Movants, Jackie Majerus, a reporter for The Citizen newspaper in Auburn, New York, and Charles Miller a reporter for *16the Syracuse Herald-Journal, The Syracuse Herald American and The Post-Standard, all newspapers in Syracuse, New York, seek orders quashing "subpoenas and testificandum” served on May 8, 1991 and May 9, 1991 respectively requiring each of them to testify on behalf of the People in the above-entitled criminal matter.

The movants each assert that as professional journalists, they have a qualified privileged from testifying under New York Civil Rights Law § 79-h as well as the First Amendment of the Federal Constitution and article I, § 8 of the New York State Constitution.

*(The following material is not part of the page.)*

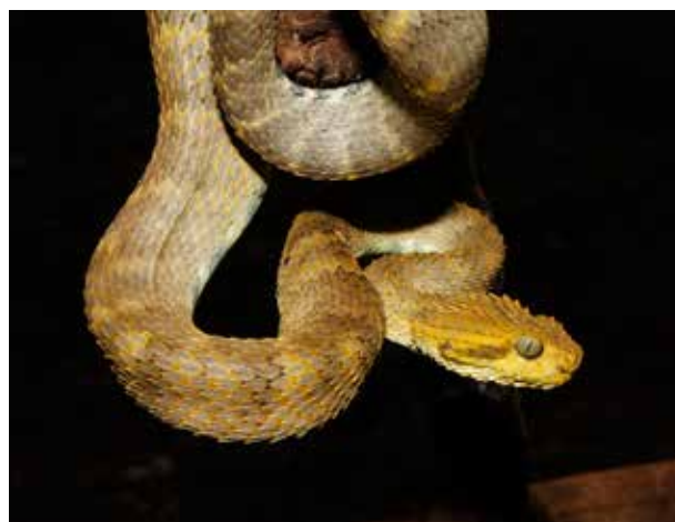
Fig. 21. Atheris broadleyi . Megangme, 4.598°N and 12.225°E, elev. 610 m, September 8, 2012.

This big forest viper was reported from Bafut (elev. 1,200 m, 6.08°N and 10.10°E) by Stucky-Stirn (1979) and found at 1,500 m in the western extension of the BH, and also at Mende in the Takamanda. It was observed by one of us (LC) at almost 1,500 m near Bangangte. In Cameroon it is found at altitudes between 5 m and only

The subpoenas were issued by the District Attorney’s office as a result of various published interviews conducted with the defendant concerning his involvement with the charges pending against him. More specifically, the articles in question as provided by counsel were published in The Citizen on May 11, 1990; May 13, 1990; May 20, 1990; July 6, 1990; December 9, 1990; February 14, 1991 and an article undated but believed to be in 1991 and entitled "Family: Cheches Team Up in bail business”, in the Syracuse Post-Standard on May 12, 1990, and May 14, 1990, as well as The Syracuse Herald American on May 11, 1990 and May 13, 1990. It is noted that Civil Rights Law § 79-h was amended effective November 1, 1990. (L 1990, ch 33.) Therefore, Civil Rights Law § 79-h (bMg) is applicable to those articles published after November 1, 1990 and as to those published prior the court will rely on relevant case law.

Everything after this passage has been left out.